En, efecto, es un tv tunner de esos, parecido, no exacto, no te puedo decir como es porque lo mate! XD
lo que hice fue buscar en el interior de estos y encontrar los ic's, de los cuales busque las datasheets, hojas tecnicas, ahi encontre que dos tenian la funcion de test para su prescaler, asi tu puedes ver que funcionen y la sencibilidad de estos, estoy muy feliz de la enorme sencibilidad que estos presentan a rf, tengan cuidado con el capacitor de entrada, en unos momentos agregare fotos de lo que tengo en breadboard.

va, acá les dejo un videito, disculpen ahí las circunstancias XD
http://www.youtube.com/watch?v=dUI8M6y3W-s


----------



## tercel (Feb 2, 2010)

buen video se ve educativo suerte


----------



## asterión (Feb 5, 2010)

Y las fotos compadre? no lo olvides!!!


----------



## anthony123 (Feb 5, 2010)

nomad dijo:


> [..] lo que hice fue buscar en el interior de estos y encontrar los ic's, de los cuales busque las datasheets, hojas tecnicas [..]


 
Seria muy bueno y educativo que subieras por lo menos el número del IC para poder hacer las investigaciones correspondientes. Saludos


----------



## nomad (Ago 11, 2010)

a573r10n dijo:


> Y las fotos compadre? no lo olvides!!!


Claro que hay fotos
http://yfrog.com/fvdsc03277zj

http://yfrog.com/3udsc03278ej

Pido disculpas por la tardanza, el tiempo no es mi mejo amigo.


----------



## nomad (Ago 11, 2010)

El mambo estuvo asi, originalmente utilize el TD7614F, pero como era de soldadura superficial, y lo andava demaciado tiempo en breadboard (protoboard), el patetico pin de cayo, despues de fracturar el ic para tener mas pin, al final se quemo, porque por accidente, no me di cuenta que lo alimente con 12 v que tenia en radio emisor que tenia en la breadbord, asi que se quemo...:enfadado:
Despues me puse a hacer los cambios en el programa del pic, para calculara la frecuencia con reacion al preescaler que trae el TD6359N, funciono de maravilla,


anthony123 dijo:


> Seria muy bueno y educativo que subieras por lo menos el número del IC para poder hacer las investigaciones correspondientes. Saludos


Los que consegui y trabaje son el TD6359N y el TD7614F...
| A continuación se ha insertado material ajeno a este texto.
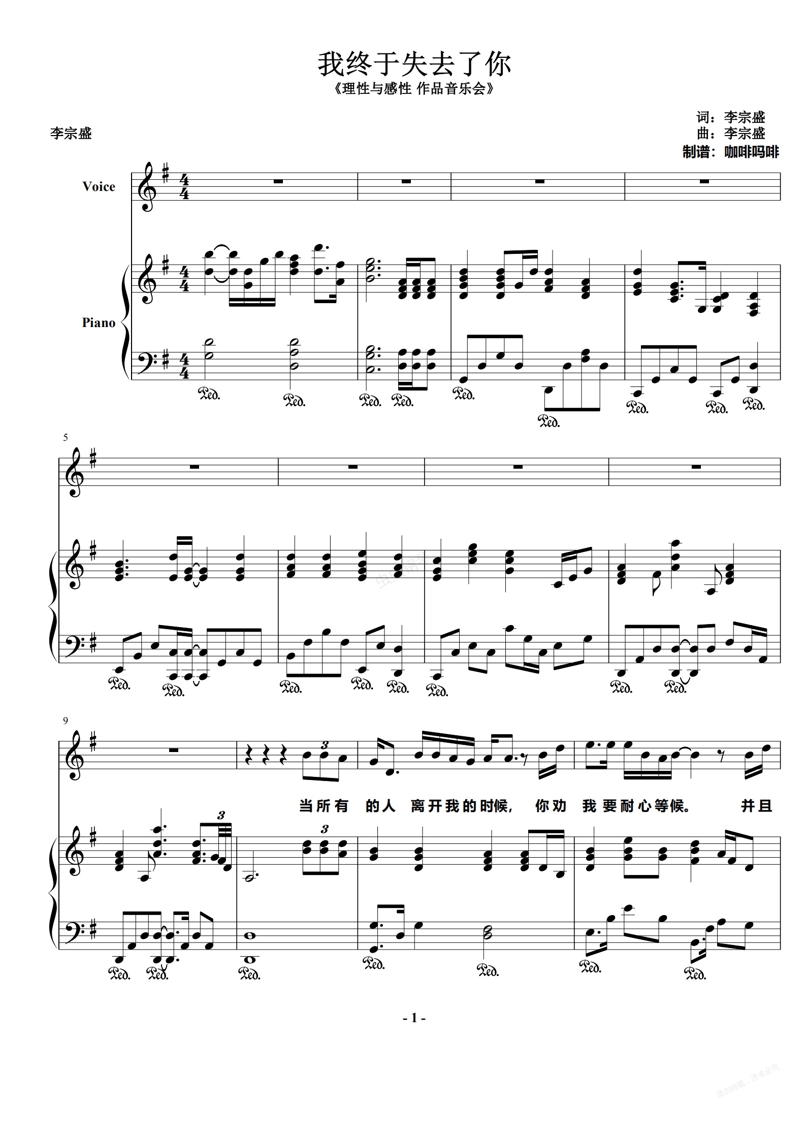 钢琴谱:我终于失去了你-李宗盛 钢琴完美伴奏谱

TD7614F >> http://pdf1.alldatasheet.com/datasheet-pdf/view/32344/TOSHIBA/TD7614F.html

las hojas tecnicas de los IC del proyecto
74LS193
http://www.datasheetcatalog.org/datasheet/motorola/SN74LS193.pdf
TD6359N
http://www.datasheetcatalog.org/datasheet/toshiba/3158.pdf
74LS164
http://www.datasheetcatalog.org/datasheets/120/375459_DS.pdf
16F84A
http://ww1.microchip.com/downloads/en/devicedoc/35007b.pdf
Al rato pongo un video...
... Ahita >>


----------



## asterión (Ago 11, 2010)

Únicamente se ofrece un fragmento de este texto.